I dont think hes a good hide but I finally got one.

Before this my highlight so far was this 









Sent from my SAMSUNG-SGH-I547 using Tapatalk


----------



## dwtrees (Mar 5, 2012)

Congratulations on finally getting one.


----------



## hunter3015 (Nov 27, 2013)

nice raccoon


----------



## catcapper (Feb 11, 2010)

Fair size raccoon Zach--- did you skin the stinker.

Keep after'em.

awprint:


----------



## prairiewolf (Feb 19, 2012)

Congrats !!


----------



## Ruger (Jan 22, 2011)

way to go!!!!!


----------



## hassell (Feb 9, 2010)

Congrats. - keep at it.


----------



## 220swift (Mar 2, 2011)

You've broken the ice, now you're starting a whole new adventure. The trapping adventure will be a part of the rest of your life. Good luck and may all your chains always be tight.


----------



## azpredatorhunter (Jul 24, 2012)

Sweet...


----------



## youngdon (Mar 10, 2010)

Nice work Zach !


----------



## jswift (Dec 24, 2012)

Congrats on "breaking the ice" !


----------



## Chasin Fur (Jan 28, 2013)

Way to go!!!!


----------



## zachW (Feb 17, 2012)

I thought about skinning the skunk its odd butt ive all ways eanted a skunk hat since I was a little kid. And yeah catching that raccoon really boosted my spirit

Sent from my SAMSUNG-SGH-I547 using Tapatalk


----------



## Spanky (Apr 8, 2010)

Congrats. on the catch, couple clothes pins in the back pocket usually will help with skunks.


----------



## NattyB1 (Jan 21, 2012)

If you scratch your computer screen you can smell the skunk. Congrats.


----------



## jimmy shutt (Jun 2, 2013)

nice work, cool skunk


----------



## zachW (Feb 17, 2012)

Skunks dont bug me im immune

Sent from my SAMSUNG-SGH-I547 using Tapatalk


----------



## NattyB (Jan 5, 2012)

Zach, You're one tough Texan. We Northernors cringe like small children when they turn tail to us.


----------



## dwtrees (Mar 5, 2012)

NattyB said:


> Zach, You're one tough Texan. We Northernors cringe like small children when they turn tail to us.

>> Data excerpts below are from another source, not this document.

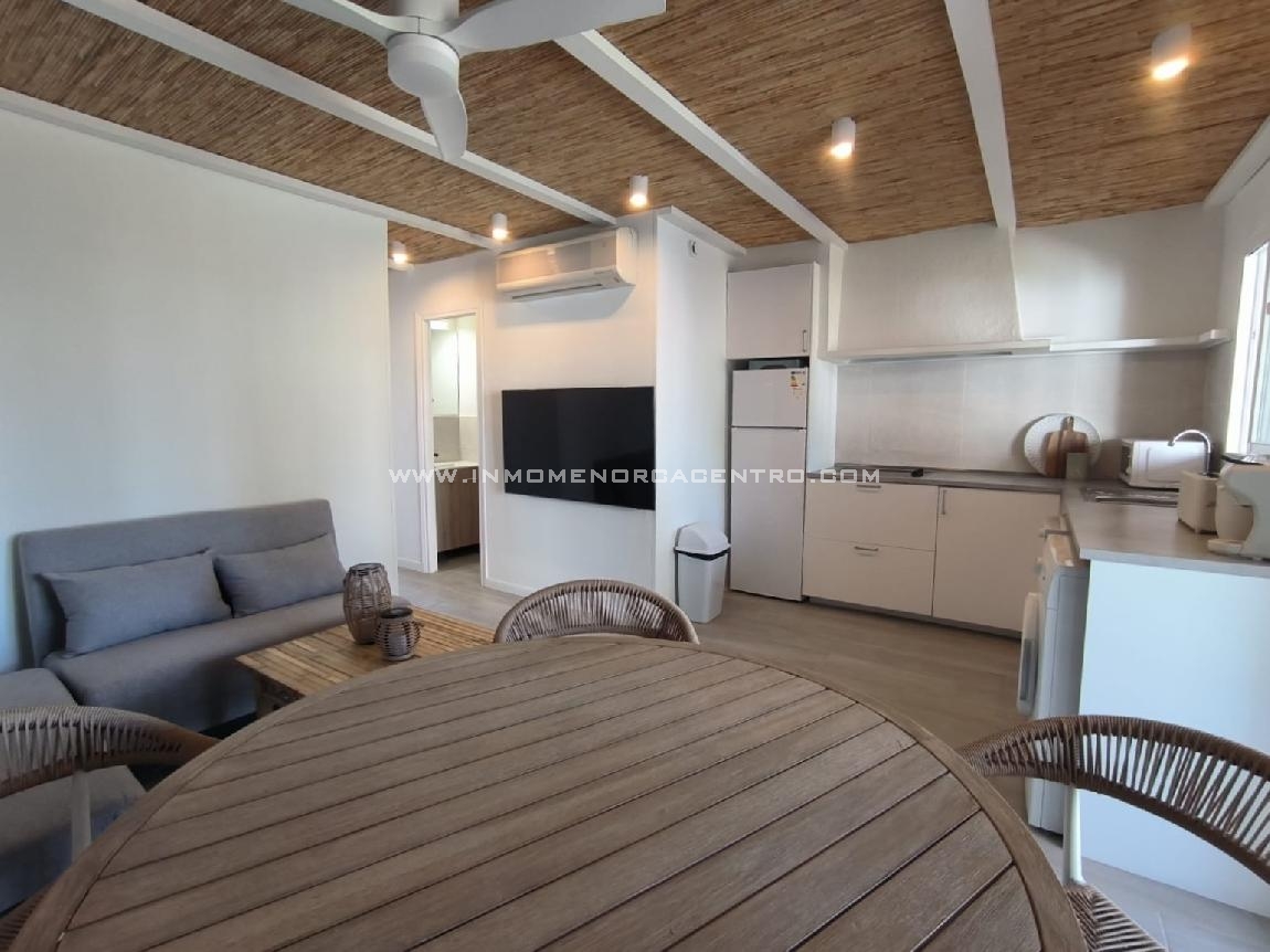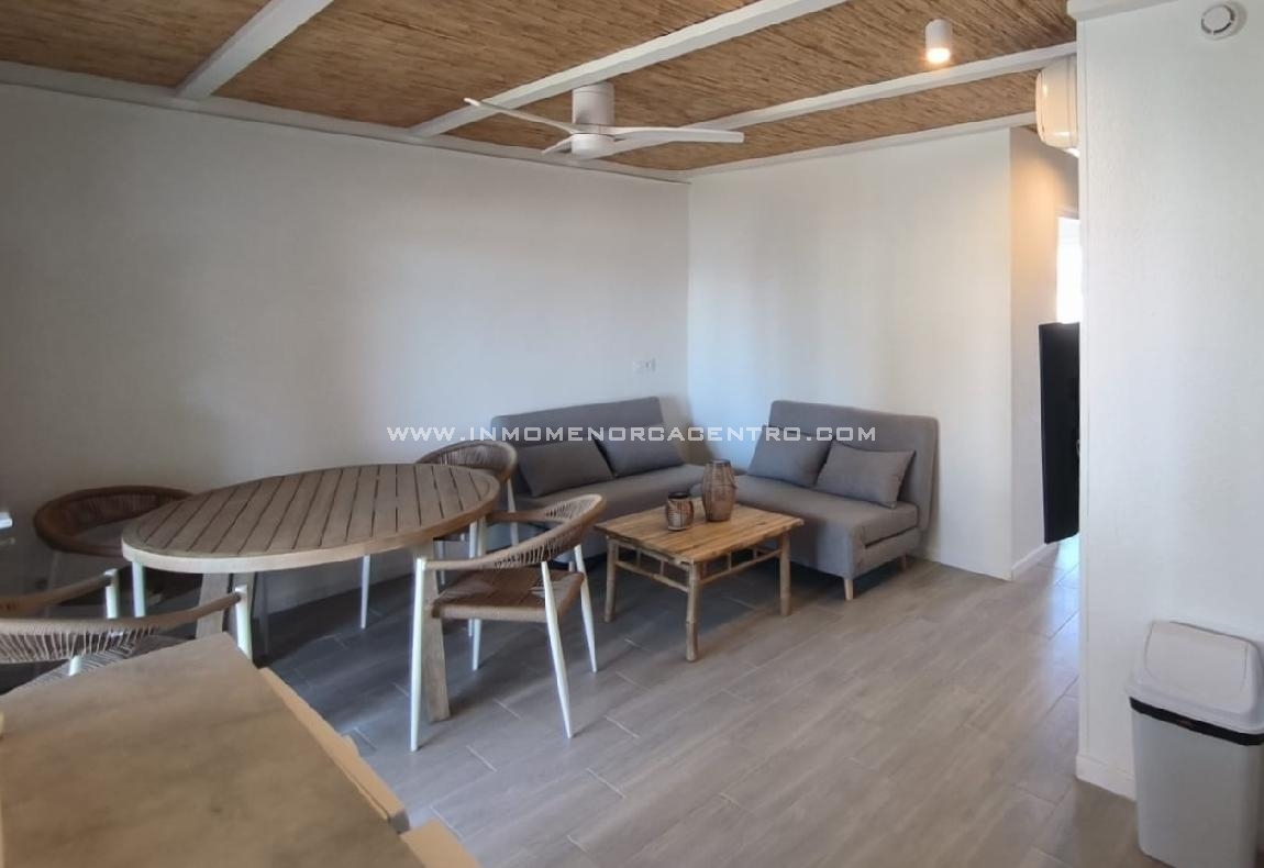 Discover this charming apartment in the Calan Bosch area, perfect for those seeking comfort and light in a peaceful setting. With a surface area of 64 square meters, this home features two spacious bedrooms and a full bathroom, ideal for families or couples who value space and functionality. The property is fully furnished and has a fully equipped and furnished kitchen, ready to move into. It also boasts excellent exterior views and a terrace perfect for enjoying the beautiful weather and spending time outdoors. Among its amenities is the air conditioning, which guarantees a pleasant temperature in any season. A unique opportunity to live in a privileged setting, with all the amenities at your fingertips. And also a communal pool.
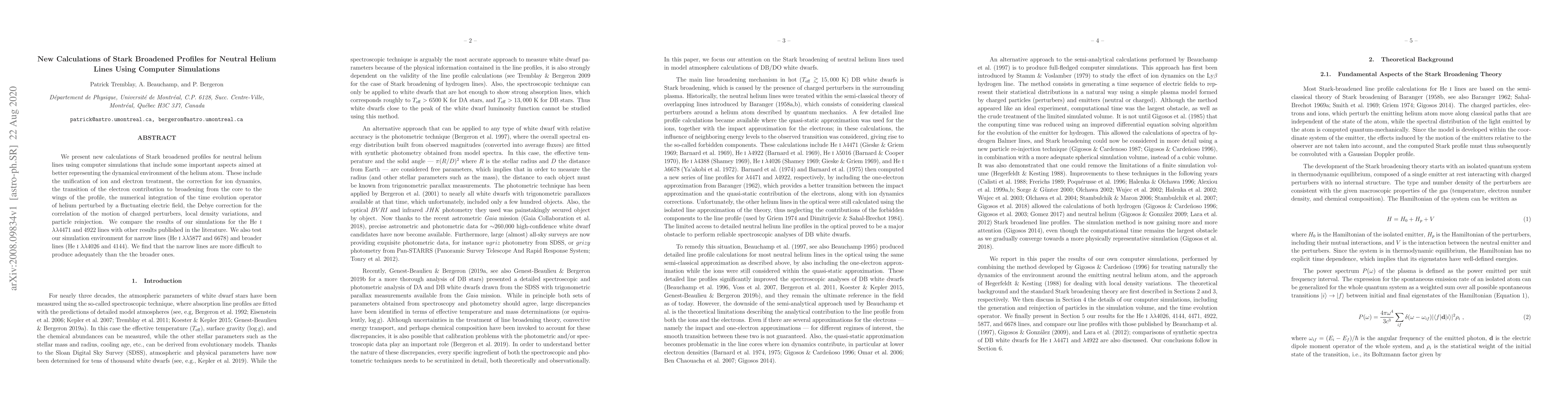 This paper presents new computer simulation calculations for Stark broadened profiles of neutral helium lines, incorporating advanced methods to better represent the dynamic environment. The results for He I lines at 4471, 4922, 5877, 6678, 4026, and 4144 nm are compared with literature, showing that narrow lines are harder to simulate accurately than broader ones.
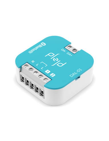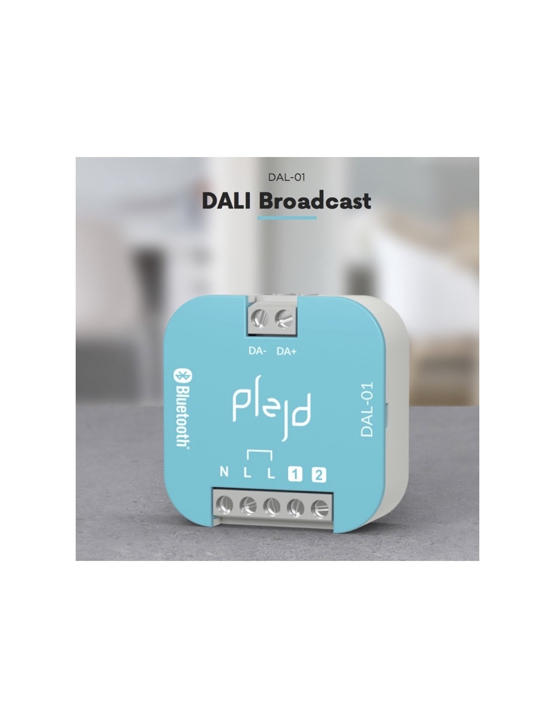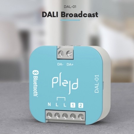 DALI Broadcast se utiliza para el control de transmisión de controladores y luces a través del bus DALI. El producto se puede controlar de forma inalámbrica a través de la aplicación o a través de otros productos de Plejd.

and then we run like crazy to get away.


----------



## zachW (Feb 17, 2012)

I had a really good pig dog that hated skunks so ive been sprayed so many times I guess it finally burned out my sniffer lol

Sent from my SAMSUNG-SGH-I547 using Tapatalk


----------



## NattyB (Jan 5, 2012)

Had a skunk by my boy's rabbit hutch early one morning last September. I hissed at it and it just hunkered down and looked at me. Took a stick from the wood pile and heaved it at it a good 20 yards away. ....Just missed the little bugger. He spun so fast as the stick hit, there would have been no way I would dodge the spray if I was close.

Set a live trap for it, but they stopped rooting for grubs once the frost came. Never did catch him...which was also fine with me.


----------



## zachW (Feb 17, 2012)

We killed 15 in a 2 Months in my parents barn that got smelly

Sent from my SAMSUNG-SGH-I547 using Tapatalk


----------